Leo REOHR, Respondent, v. GOLUB CORPORATION, Appellant.

Decided: September 18, 1997

Before CARDONA, P.J., and MIKOLL, MERCURE, YESAWICH and CARPINELLO, JJ. Carter, Conboy, Case, Blackmore, Napierski & Maloney P.C. (Timothy P. O'Keefe, of counsel), Albany, for appellant. Paul M. Callahan, Duanesburg, for respondent.

Appeal from an order of the Supreme Court (Lynch, J.), entered March 3, 1997 in Schenectady County, which denied defendant's motion for summary judgment dismissing the complaint.

Allegedly injured as a result of slipping and falling at a Price Chopper supermarket located in the Town of Rotterdam, Schenectady County, plaintiff commenced this negligence action against defendant, whom plaintiff alleged was the supermarket's proprietor.   After joinder of issue but before discovery was commenced, defendant moved for summary judgment dismissing the complaint.   In opposition, plaintiff argued, inter alia, that discovery was necessary to determine issues of ownership and control of the premises on the date of the accident (see, CPLR 3212[f] ).  Supreme Court denied the motion, with leave to renew, finding that plaintiff should be afforded an opportunity to conduct discovery to obtain possible evidence of defendant's liability.   Defendant appeals.
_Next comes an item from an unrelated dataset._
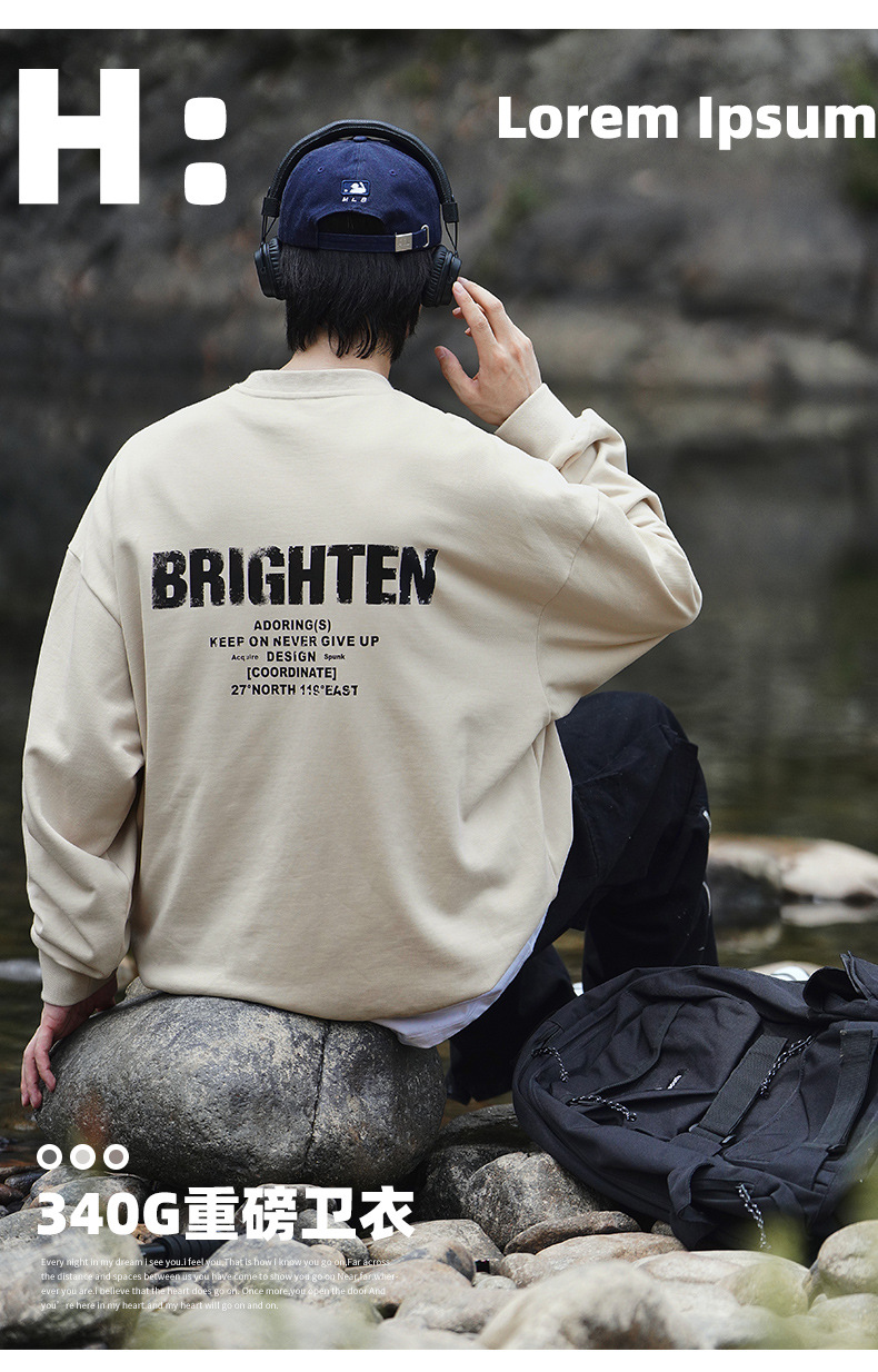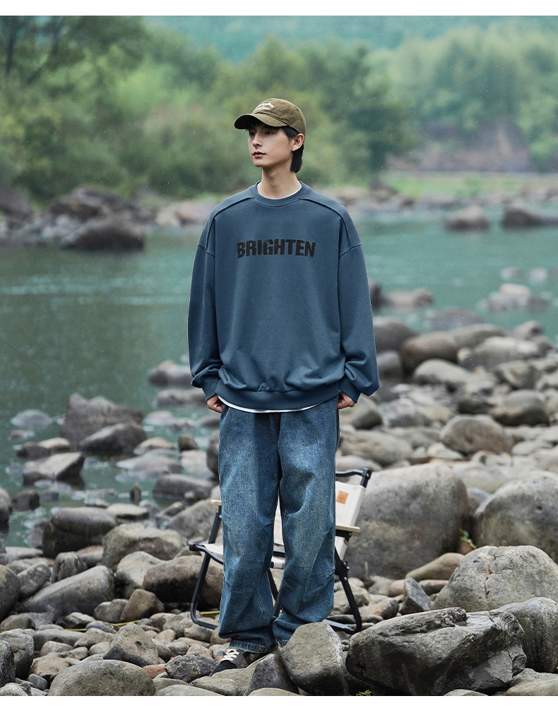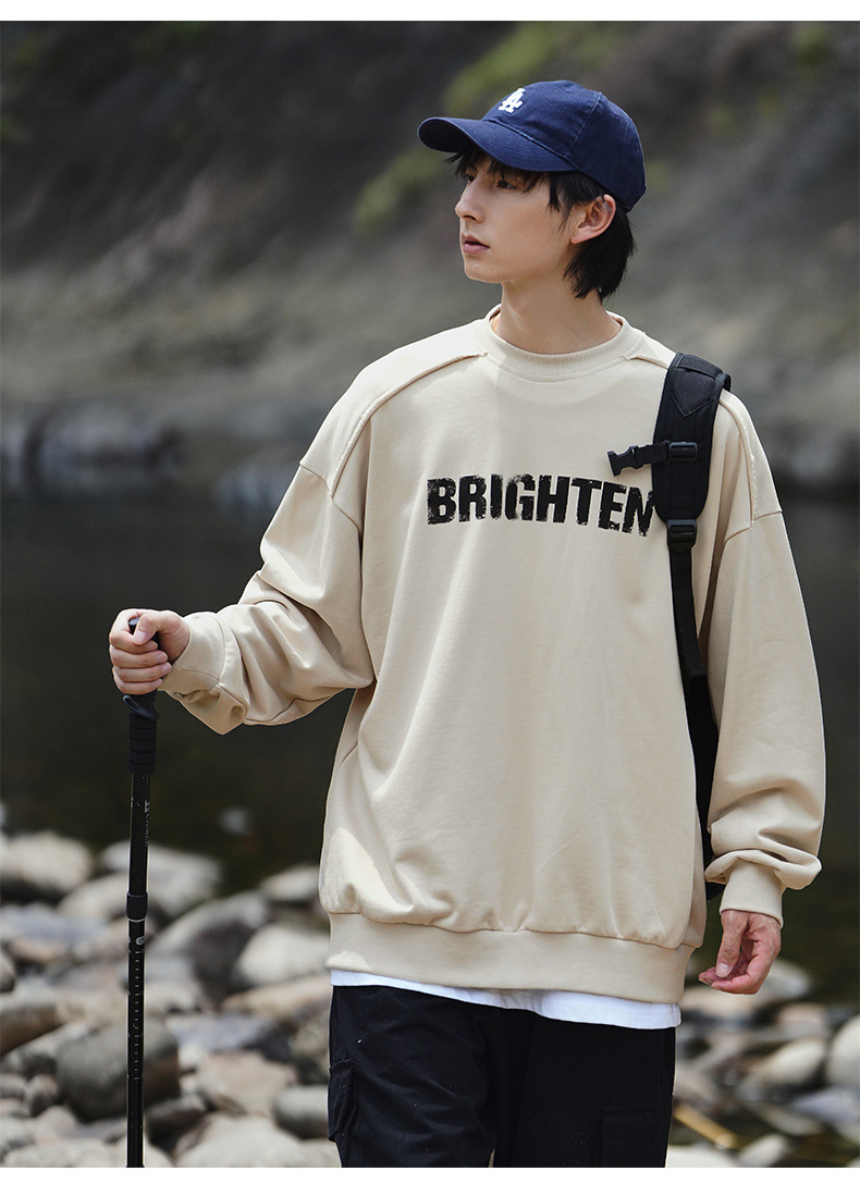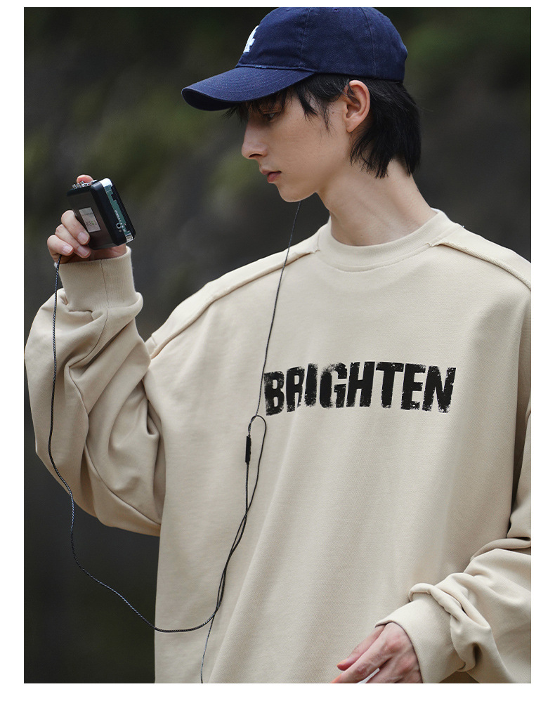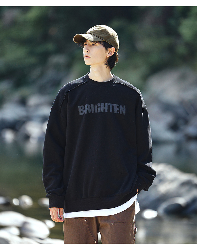 디스트로이드 마감 트렌디 브랜드 라운드넥 스웨트셔츠 봄 신상 헤비웨이트 아메리칸 레터 프린트 루즈핏 커플 자켓스토어 가기

We affirm, albeit on somewhat different grounds than those relied upon by Supreme Court.   In support of its motion, defendant submitted the affidavit of its vice-president and corporate secretary, who averred that defendant neither owned, leased nor operated the supermarket on the date of the accident, and that, upon information and belief, the supermarket was owned by Altamont Avenue Associates and leased to Price Chopper Operating Company Inc. Inasmuch as this affidavit-which comprised the sole evidentiary foundation for defendant's motion-recites matters that are exclusively within defendant's knowledge, it should not, without more, form the basis for an award of summary judgment before the opposing party has had an opportunity to conduct discovery (see, Grumman Aerospace Corp. v. Rice, 199 A.D.2d 365, 366, 605 N.Y.S.2d 305;  Denkensohn v. Davenport, 130 A.D.2d 860, 862, 515 N.Y.S.2d 920).   Hence, summary judgment was properly denied (see, Zuckerman v. City of New York, 49 N.Y.2d 557, 562, 427 N.Y.S.2d 595, 404 N.E.2d 718).   Given this disposition, it is not necessary to consider or address the sufficiency of plaintiff's opposing papers.

ORDERED that the order is affirmed, with costs.

YESAWICH, Justice.

CARDONA, P.J., and MIKOLL, MERCURE and CARPINELLO, JJ., concur.